Браслет снова завибрировал, и Павел недовольно потёр руку — оставалось две недели до предельного срока тестирования в Службе контроля, процедура, которую каждый маг должен был проходить два раза в год.
Никто не расстрелял бы его, заявись он в отделение Нижнего города в сентябре, но от этого мало что изменилось, кроме штрафа в несколько тысяч реалов. Не будь этой поездки на побережье, можно было дотянуть до конца августа, в столице жили три тысячи магов, и очередей в департаменте проверок почти не наблюдалось.
Здание Службы контроля находилось практически на выезде из Нижнего города, шестиэтажный кирпичный параллелепипед с затонированными наглухо окнами и мощной оградой. Сотрудники Службы редко выезжали по экстренным вызовам, если уж случалось что-то из ряда вон выходящее, вроде спятившего мага или, не приведи святые, группы спятивших магов, специальный корпус с подразделениями, раскиданными по острову, выделял взвод спецназовцев. Для случаев менее серьёзных обходились полицией, ну а по мелочам маги сами приходили сюда.
На входе его несколько раз проверили и обыскали, и только потом отправили в левое крыло, на третий этаж. Незнакомый дежурный инспектор сидел в кресле, откинувшись на спинку и нацепив на нос тёмные очки, и вроде как спал. Только по подёргиваниям пальцев можно было понять, что государственный служащий играет в какую-то виртуальную бродилку.
— Проходи во вторую процедурную, — потянувшись и зевнув, бросил инспектор. Дело Павла наверняка уже висело у него перед глазами. — Осмотр по основной схеме.
— Я только в прошлом году проходил, — для порядка возмутился парень.
— Распоряжение руководства, — дежурный снял очки, потёр кулаками покрасневшие глаза, вылез из-за стола.

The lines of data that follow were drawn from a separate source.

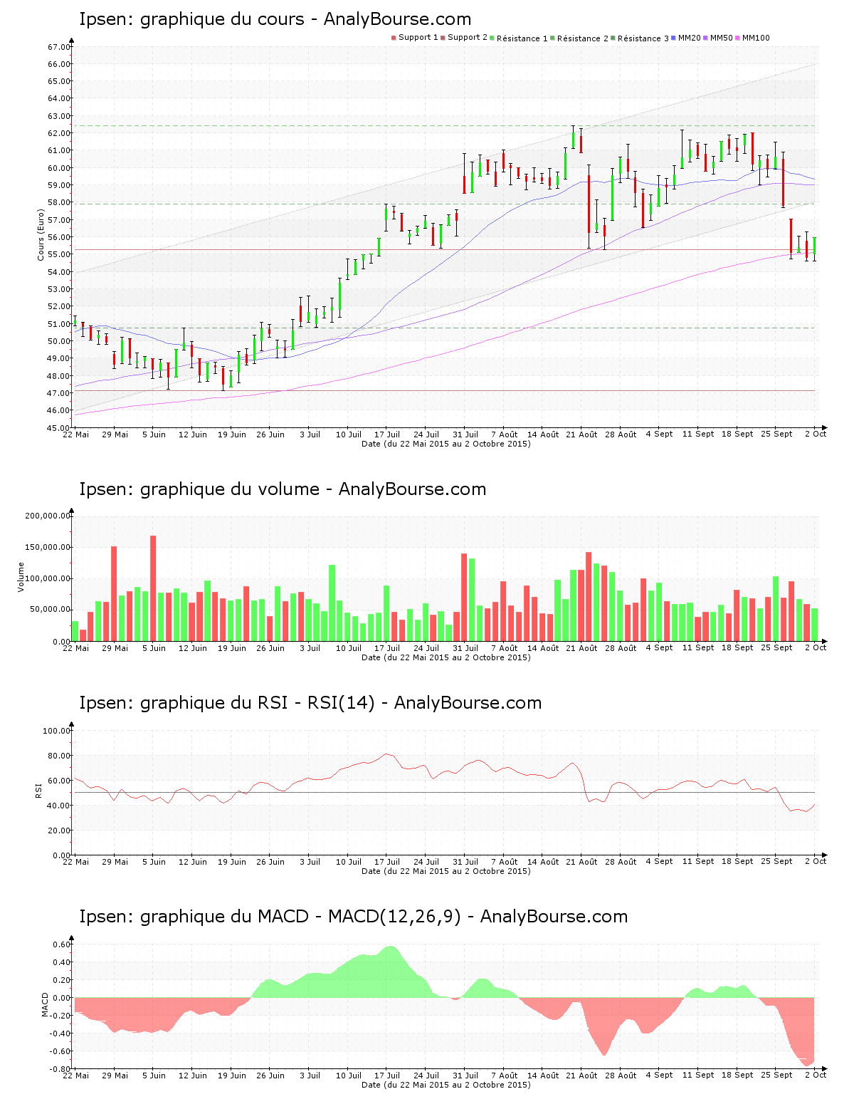 En ce qui concerne les indicateurs, la moyenne mobile sur 20 jours de la valeur Ipsen se positionne au-delà de la moyenne mobile sur 50 jours, et la moyenne mobile sur 50 jours se place elle-même au-delà de la moyenne mobile sur 100 jours. Sur une longue période, l’action révèle ainsi un comportement haussier. Depuis finalement 61 séances, la moyenne mobile sur 20 jours de l’action Ipsen se localise au-delà de sa moyenne mobile sur 50 jours. Ensuite, le MACD est ces dernières séances en grande régression. Il révèle dorénavant une trajectoire du titre en conséquente décroissance à moyen-court terme. On remarque que l’indicateur RSI est en décroissance cette semaine. Ce dernier se localise désormais dans le niveau de vente.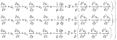 Полученная система уравнений называется уравнениями Навье-Стокса. Уравнение Навье-Стокса, как и уравнение Зйлера, интегрируются только для некоторых частных случаев, но в последние годы, в связи с развитием различных методов решения подобных задач, полученные уравнения используются все чаще и являются идеальным инструментом, позволяющим получить хороший результат. Наиболее часто для решения уравнений Навье-Стокса применяются численные методы.
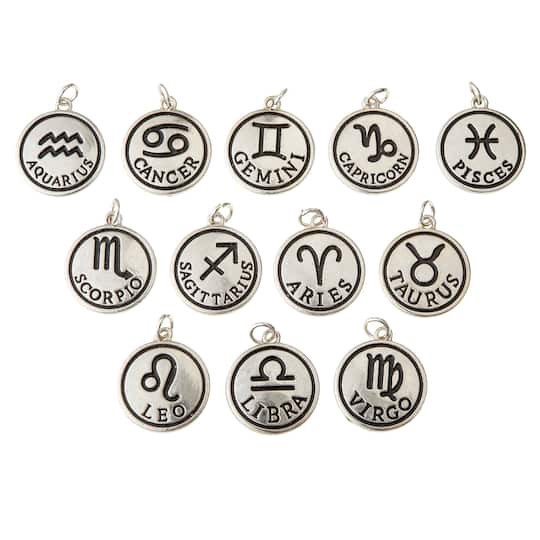 Purchase the Rhodium-Colored Zodiac Charm Set by Bead Landing at Michaels. Decorate bracelets, necklaces and other such jewelry accessories with these zodiac charms. Each charm has a zodiac sign inscr…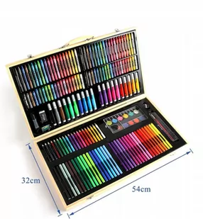 Zestaw Artystyczny do Malowania Rysowania Dla Dzieci Drewniana Walizka PRO ⭐️Zachwycająca różnorodność aż 180 elementów Każdy element zestawu artystycznego z...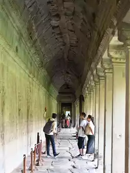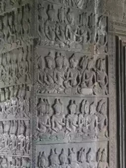 Walking the gallery’s shaded corridors feels like stepping into a whispering stone library. Fingers instinctively trace the cool, intricate carvings—gods and demons locked in cosmic battles, armies marching in eternal stone processions, and celestial dancers frozen mid-sway. The sheer scale is humbling: these panels stand 2 meters tall, wrapping you in stories older than Gothic cathedrals. When afternoon light slants through pillars, shadows animate the reliefs—Apsaras seem to sway, arrows fly, and the Churning of the Ocean churns anew.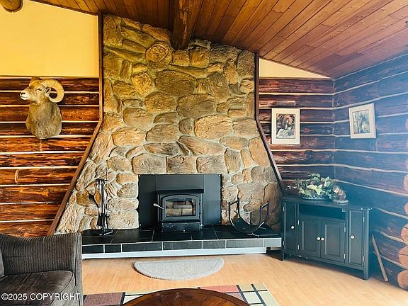 MOTIVATED SELLER- Charming Alaskan 3 bedroom 3 bath 2936sf beachfront Cabin with Cook Inlet access and Panoramic Mountain Views on 1.17 acres. Cabin features a 1 bedroom mother in law apartment, 800sf 2 car Garage with ''Man Cave'' room off back. All appliances convey, HOME WARRANTY INCLUDED.2025 New Home improvements Sea/Retaining wall New Roof Done by Sunrize Construction warranty New Deck Done by Sunrize Construction Two new windows, One New Toyo Heater, Fresh Exterior paint on House and Garage, Logs Chinked and Treated, New Dishwasher, New flooring in Kitchen, Pantry and Closets New Fire Place insert, Cabin Leveled by Ace Dragon Contractors. 2023-Mother in Law Apartment/ BONUS addition New Kitchen w/Pantry,1 Bedroom, 1 Bathroom Livingroom. Seller may consider paying up to $10,000.00 in Closing Cost.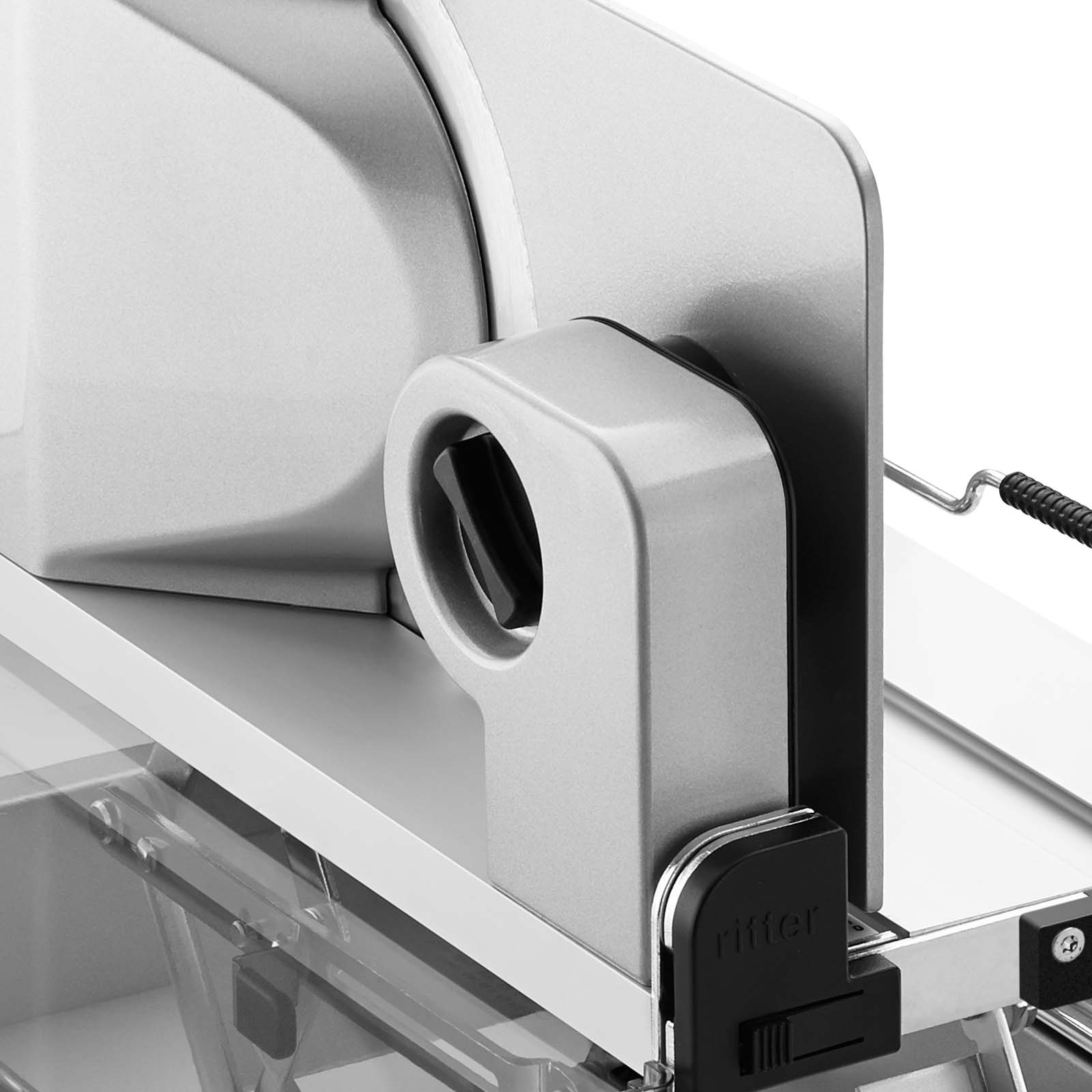 - Dieses Gerät darf nicht ohne Schneidgutschlitten oder Restehalter benutzt werden, es sei denn die Größe und Form des Schneidguts lässt deren Gebrauch nicht zu.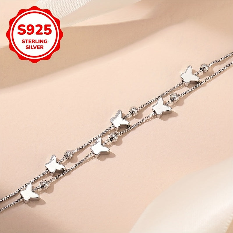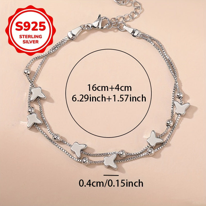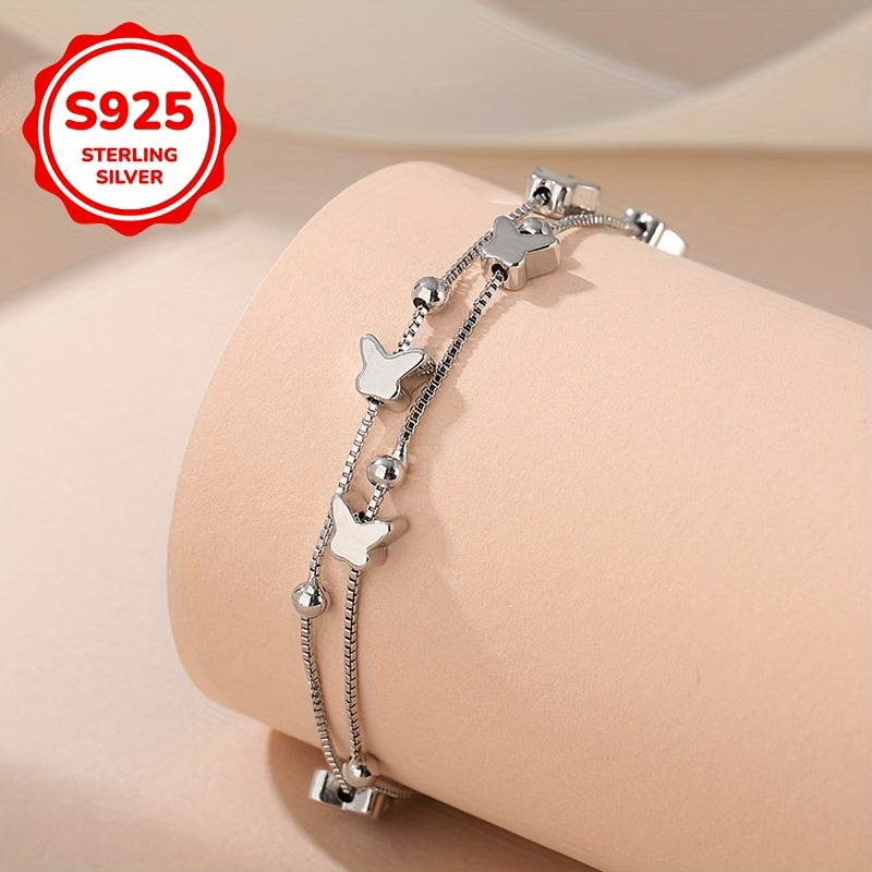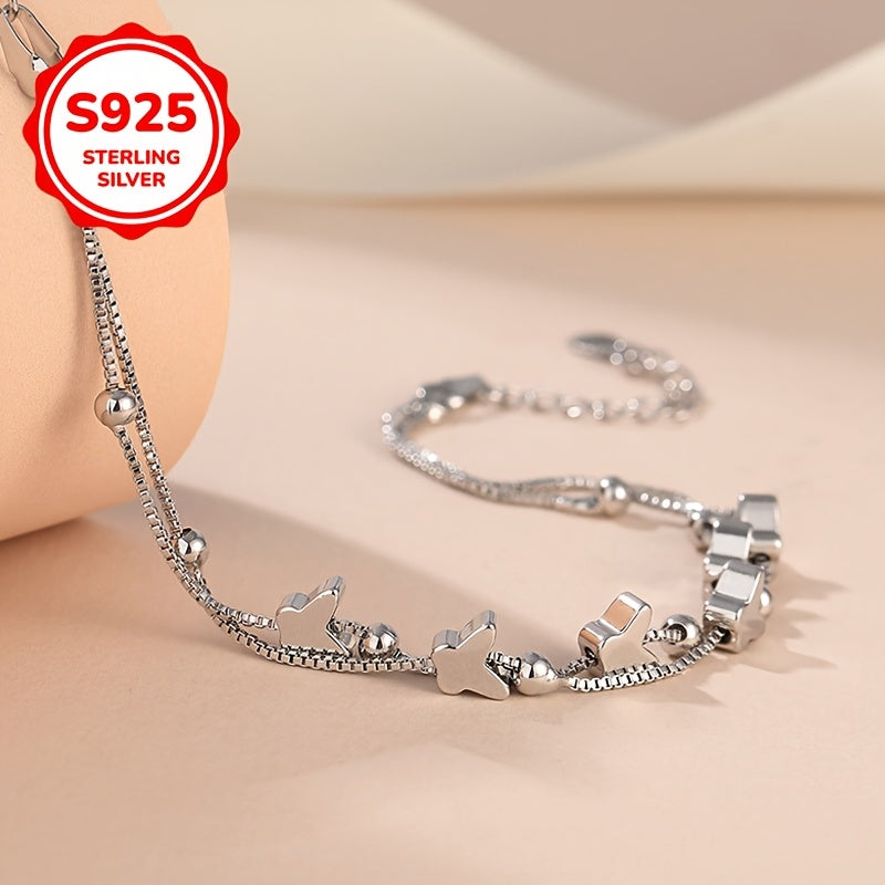 This minimalist bracelet is made of hypoallergenic 925 silver featuring a single layer butterfly and round beads. Perfect gift for couples and friends.

Павел поёжился, аж мурашки побежали по спине, если бы он знал, что так обернётся, связался со знакомым инспектором, и прошёл по сокращённой схеме. Можно было и с этим инспектором договориться, но давать взятку под лицензированными камерами он не решился.
— Эта хрень выбирает случайным образом одного из десяти, — развеял его надежды инспектор, — так что никуда не денешься, Веласкес, рядом с твоим именем уже стоит метка. Придёшь ты сейчас, или через неделю, ничего не изменится. На западном побережье один из твоих друзей сорвался недавно, вот и лютуют.
— Сильно сорвался?
— Восемь трупов, шестерых опознали только по ДНК.
— Представляю, — только и мог сказать Павел.
— Нет, — инспектор приблизился к нему, так, что их носы оказались буквально в двух десятках сантиметров, лицо его стало жёстким и злым. — Ты, сука, не представляешь. Трое маленьких детей, им ещё и восьми не было, а эта тварь их сначала раздавила, а потом сожгла, на записях видно, как они катались по полу, кричали, плакали, пока он, не сходя с места, ломал им кости. Потом их волосы тлели, и ресницы, и ногти чернели от жара. И эта мразь улыбалась, развлекалась, гнида. Я работаю здесь, получаю за это деньги, но часто думаю, что таких как вы надо душить при рождении. Давить прямо в колыбели.
Павел ничего не ответил, инспектор отступил на шаг, на лицо его вернулось привычное скучающее выражение.
— А ты ещё и в субботу заявился, — продолжил он ровным голосом, — теперь мага-контролёра дожидаться, он приедет злой, как бразильская выдра.
— Может, пойду я?
— Да ладно, шучу, здесь он уже. Не ты первый сегодня попал, но вот если бы пришёл на час позже, и доктор Мелендес умотал обратно домой, тут бы он точно разозлился. Ты иди пока на обследование, а он тобой минут через двадцать займётся.
В процедурной Павел посидел в диагностическом кресле, ответил на две сотни вопросов виртуальному интерпретатору, параллельно датчики на теле снимали показатели, реагируя на попытку что-то скрыть. Предполагалось, что если в ответах будут замечены несоответствия, то магом должны заняться дознаватели. Теоретически. Практически с владельцем организма, который сам себя защищал от любого вмешательства, рассчитывать можно было только на чистосердечное признание.